*RECORDS FOR PROCESSING*

* * * *

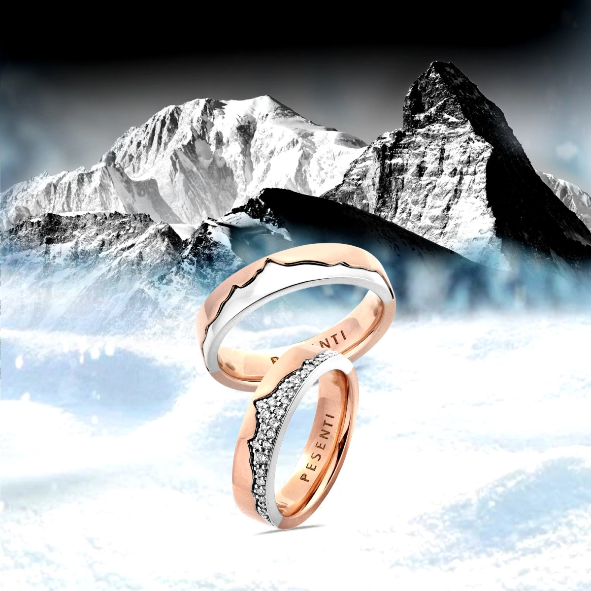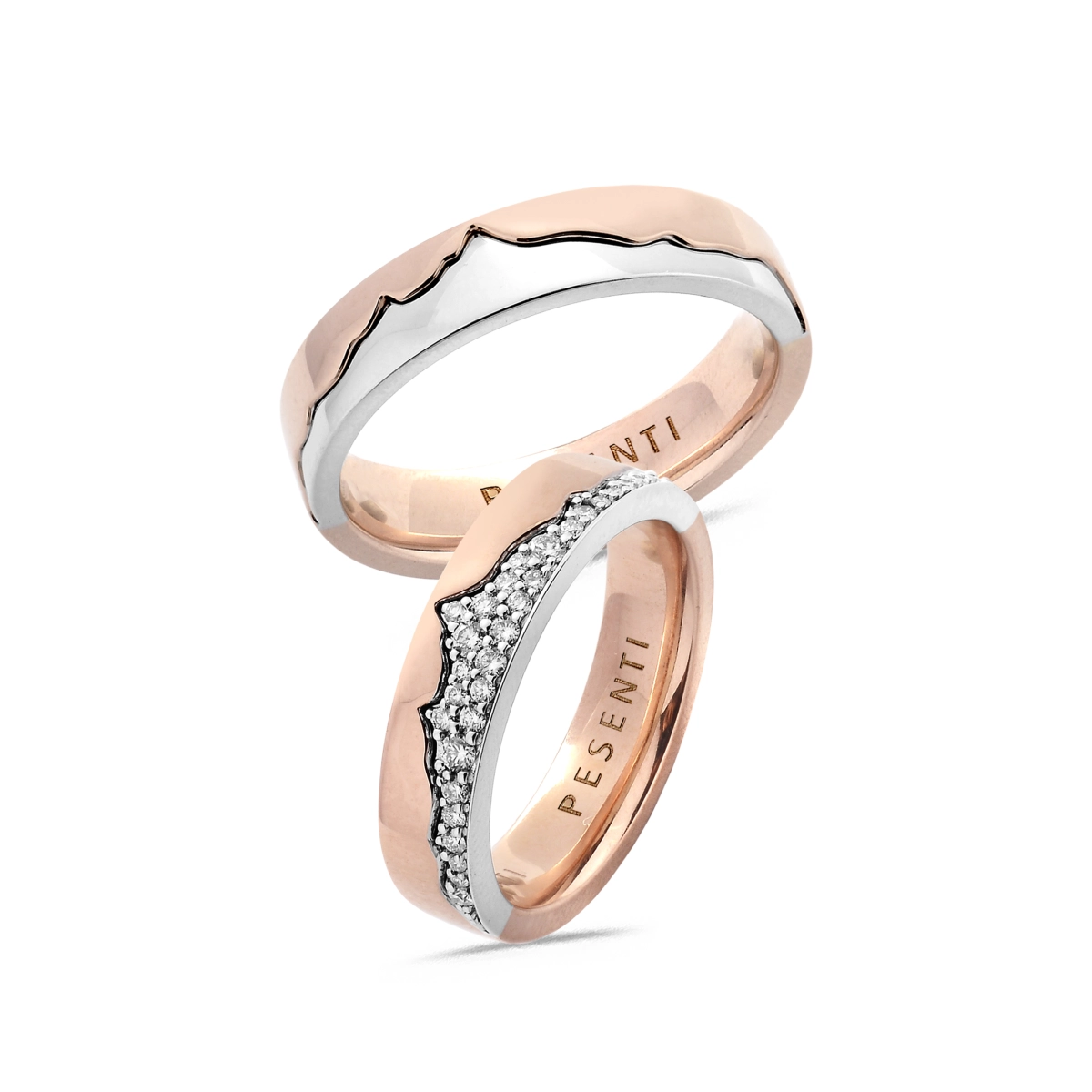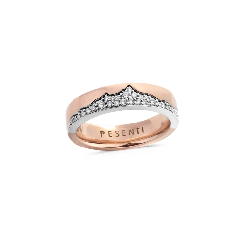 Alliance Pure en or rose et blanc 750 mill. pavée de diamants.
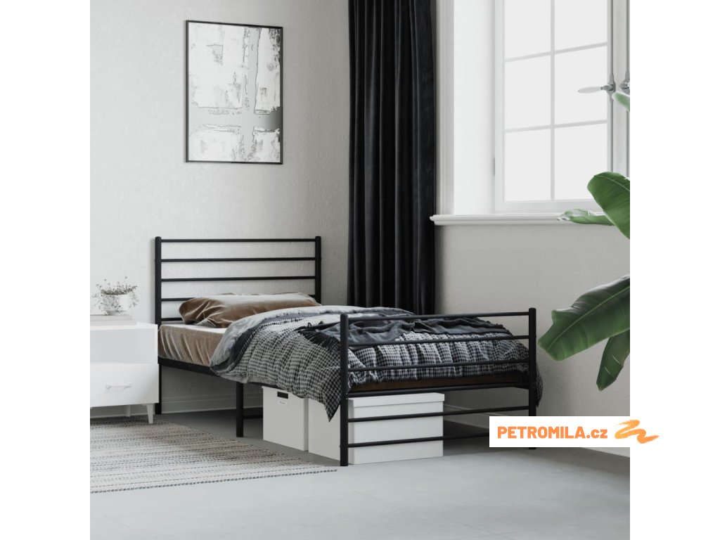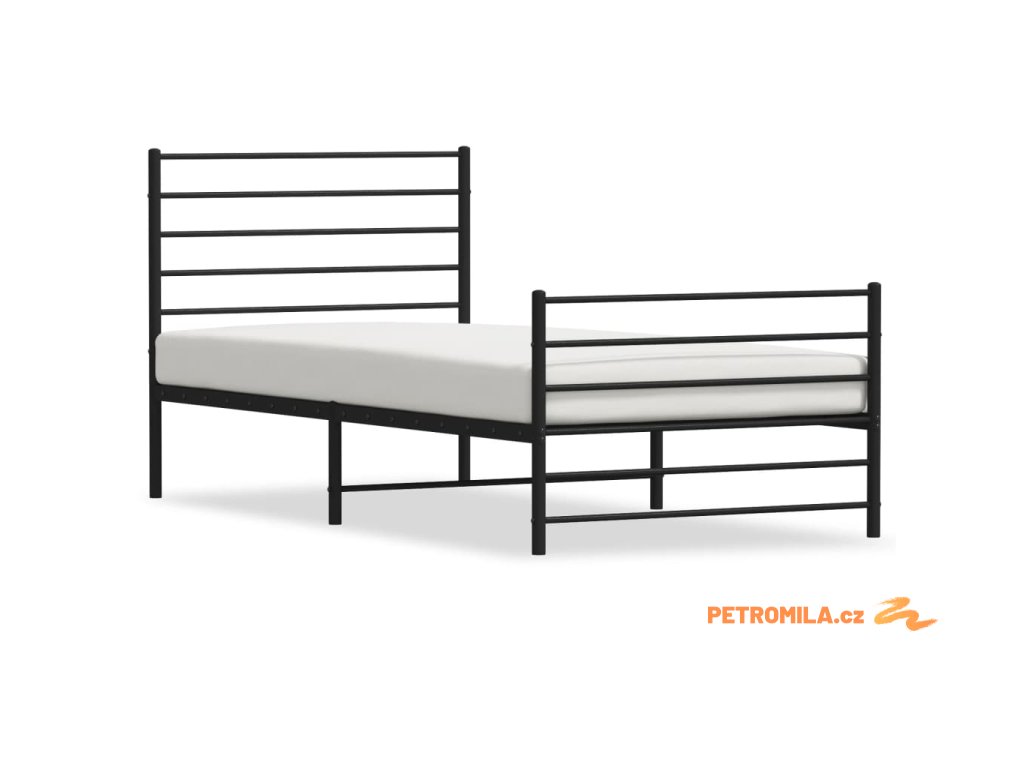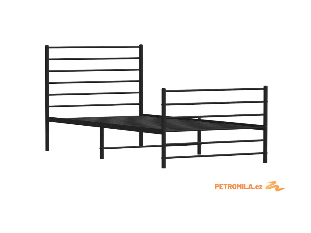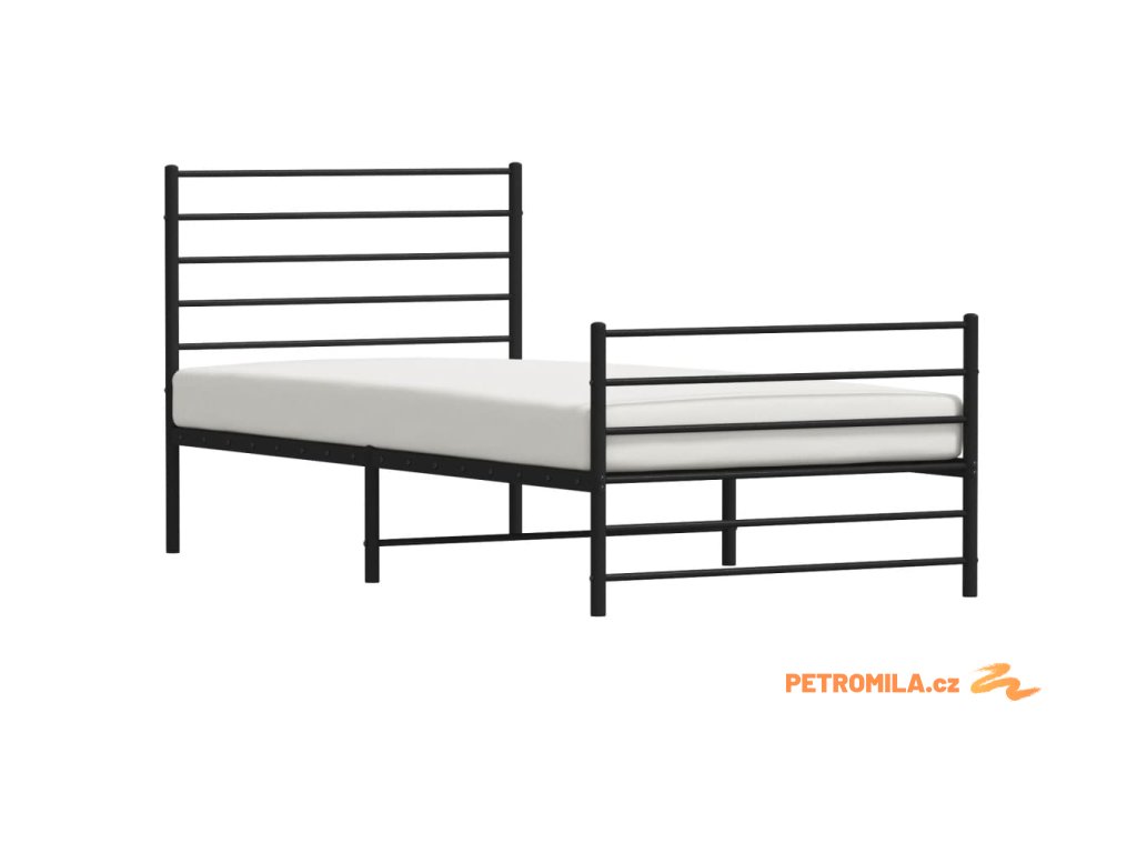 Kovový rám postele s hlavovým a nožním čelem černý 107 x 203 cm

* * * *

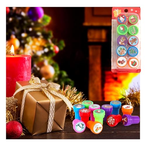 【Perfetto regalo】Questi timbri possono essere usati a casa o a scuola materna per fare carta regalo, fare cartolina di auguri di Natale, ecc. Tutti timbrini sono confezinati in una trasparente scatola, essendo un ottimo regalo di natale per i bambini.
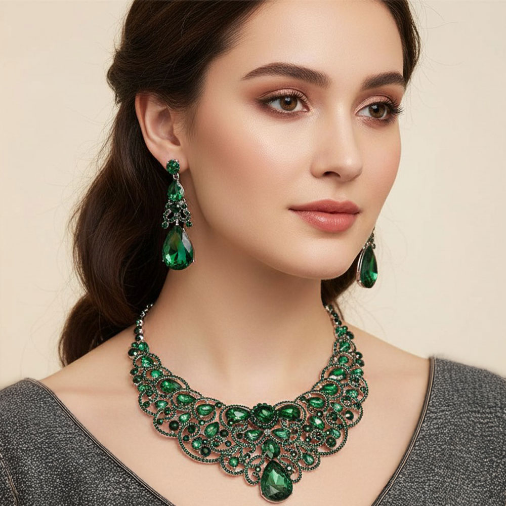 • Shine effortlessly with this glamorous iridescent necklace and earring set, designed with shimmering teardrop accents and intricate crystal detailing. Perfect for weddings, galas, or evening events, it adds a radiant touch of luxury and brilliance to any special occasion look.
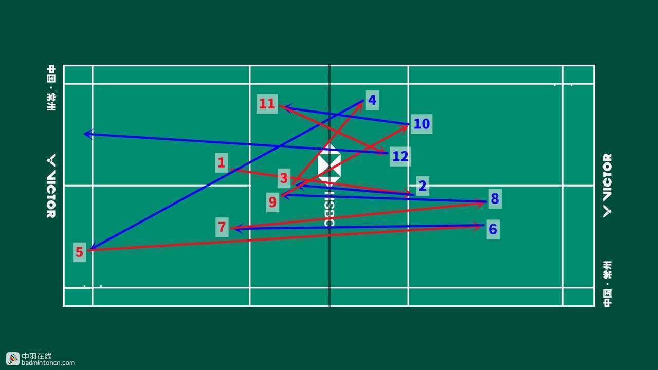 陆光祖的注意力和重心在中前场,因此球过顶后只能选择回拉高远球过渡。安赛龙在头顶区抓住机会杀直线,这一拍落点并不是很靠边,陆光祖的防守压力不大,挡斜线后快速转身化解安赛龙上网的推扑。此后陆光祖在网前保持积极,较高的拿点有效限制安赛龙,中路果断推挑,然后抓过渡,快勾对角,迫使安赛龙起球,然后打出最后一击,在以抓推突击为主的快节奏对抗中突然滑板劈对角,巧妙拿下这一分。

* * * *

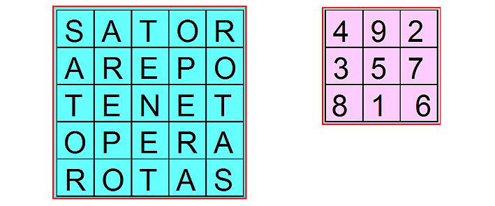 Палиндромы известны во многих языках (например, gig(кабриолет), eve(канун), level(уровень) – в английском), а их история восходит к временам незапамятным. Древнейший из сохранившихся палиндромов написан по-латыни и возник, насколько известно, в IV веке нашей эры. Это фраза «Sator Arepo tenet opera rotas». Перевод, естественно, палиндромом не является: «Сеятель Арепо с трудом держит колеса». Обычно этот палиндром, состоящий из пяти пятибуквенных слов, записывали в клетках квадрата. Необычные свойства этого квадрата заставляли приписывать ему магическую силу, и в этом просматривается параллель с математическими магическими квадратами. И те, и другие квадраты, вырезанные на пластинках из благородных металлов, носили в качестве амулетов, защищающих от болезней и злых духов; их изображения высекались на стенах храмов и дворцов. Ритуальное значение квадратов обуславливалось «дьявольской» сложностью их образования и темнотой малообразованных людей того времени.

* * * *

A clean copy is needed of the lines above from the one with "Alliance Pure en" up to and including the one with "Kovový rám postele". Please set it down exactly, with no pictures.

 Alliance Pure en or rose et blanc 750 mill. pavée de diamants.
 Kovový rám postele s hlavovým a nožním čelem černý 107 x 203 cm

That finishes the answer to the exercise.